THC is Best for Fibromyalgia Pain Says New Study


CBD or THC for Fibromyalgia Pain and Nerve Relief?

Fibromyalgia pain is one of the most excruciating types of pain known to mankind. It’s also very difficult to treat, because even when medicating with the most powerful pharmaceutical painkillers, oftentimes it just doesn’t work.

Fibromyalgia pain varies among patients; at times it may feel like your muscles have been pulled so hard or overworked even if you didn’t do any exercise. In some cases, muscles may twitch, or you feel deep aches, pains, and burns. In other cases, fibromyalgia pain affects the joints in the shoulders, neck, hips, and back. Fibromyalgia pain can be so severe and debilitating that sleep, exercise, and rest can be impossible.

Thankfully, science and anecdotal evidence tells us that cannabis is an effective, natural treatment for fibromyalgia pain. It doesn’t have any side effects, too. But for patients with this dreaded condition, finding out the right kind of cannabis product or strain for the pain can be overwhelming. New research tells us now that tetrahydrocannabinol (THC) actually works better than cannabidiol (CBD) in treating fibromyalgia pain. This news is important, as it can help patients better navigate the world of marijuana and find treatment that works.
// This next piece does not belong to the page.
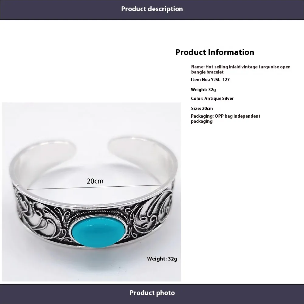 Home › Plants, Gifts, Toys & More › Gift-tree-inlaid-retro-turquoise-open-ended-bracelet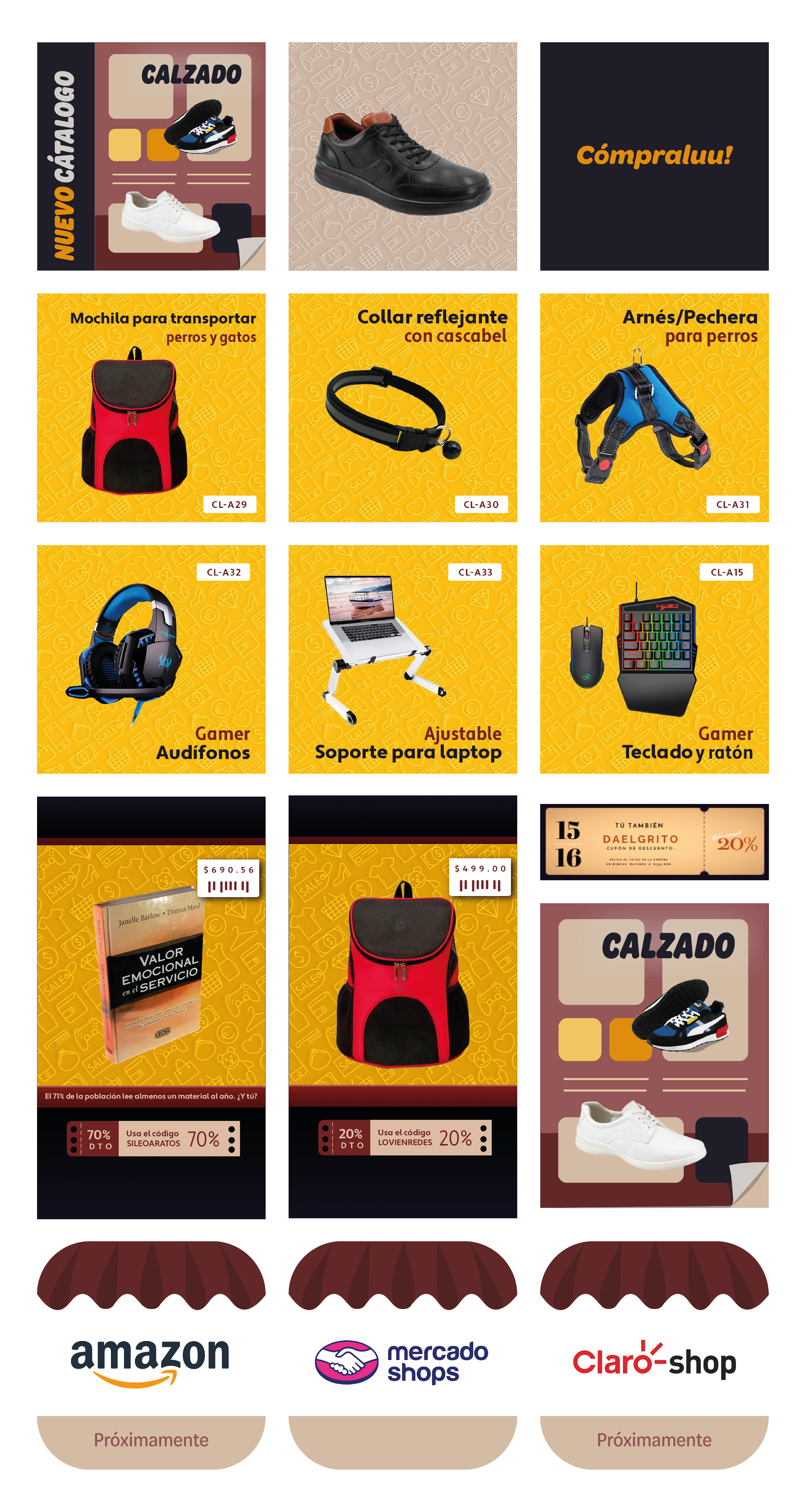 Conjunto de piezas gráficas para promocionar productos de la tienda en línea Cómpraluu! a través de su página web y redes sociales.

The study, conducted by researchers from the Netherlands’ Leiden University Medical Centre with Bedrocan International, and published in the Journal of the International Association for the Study of Pain, analyzed how three types of vaporized cannabis affected chronic pain. One type of cannabis was high THC, low CBD; the other had almost an equal ratio of both, and the third was high CBD, low THC. Twenty subjects participated in the study, and they were all made to go through a battery of pain tests after vaporizing one of the cannabis types. The pain tests included one that involved applying pressure between the thumb and index finger, and electrical simulation on the legs.

The researchers found that when participants medicated with the high CBD strain, it was “devoid of analgesic activity in any of the spontaneous or evoked pain models.” In layman’s terms, this means that CBD didn’t work well in mitigating the pain.

“The most important observation is that when simultaneously inhaled, THC and CBD interact in complex fashions with synergistic pharmacokinetic but antagonistic pharmacodynamic interactions,” says the study. “The analgesic efficacy of active treatment was limited to varieties that contained THC and was observed exclusively in the evoked pressure pain model.”

According to Tjalling Erkelens, the CEO and founder of Bedrocan, the Dutch company that supplied the cannabis, the results were promising for patients. “The outcome is very important for patients who suffer from fibromyalgia. Now we have the serious clinical evidence that medical doctors are asking for when prescribing our products and that health insurance companies want to have, to legitimize reimbursement,” he says.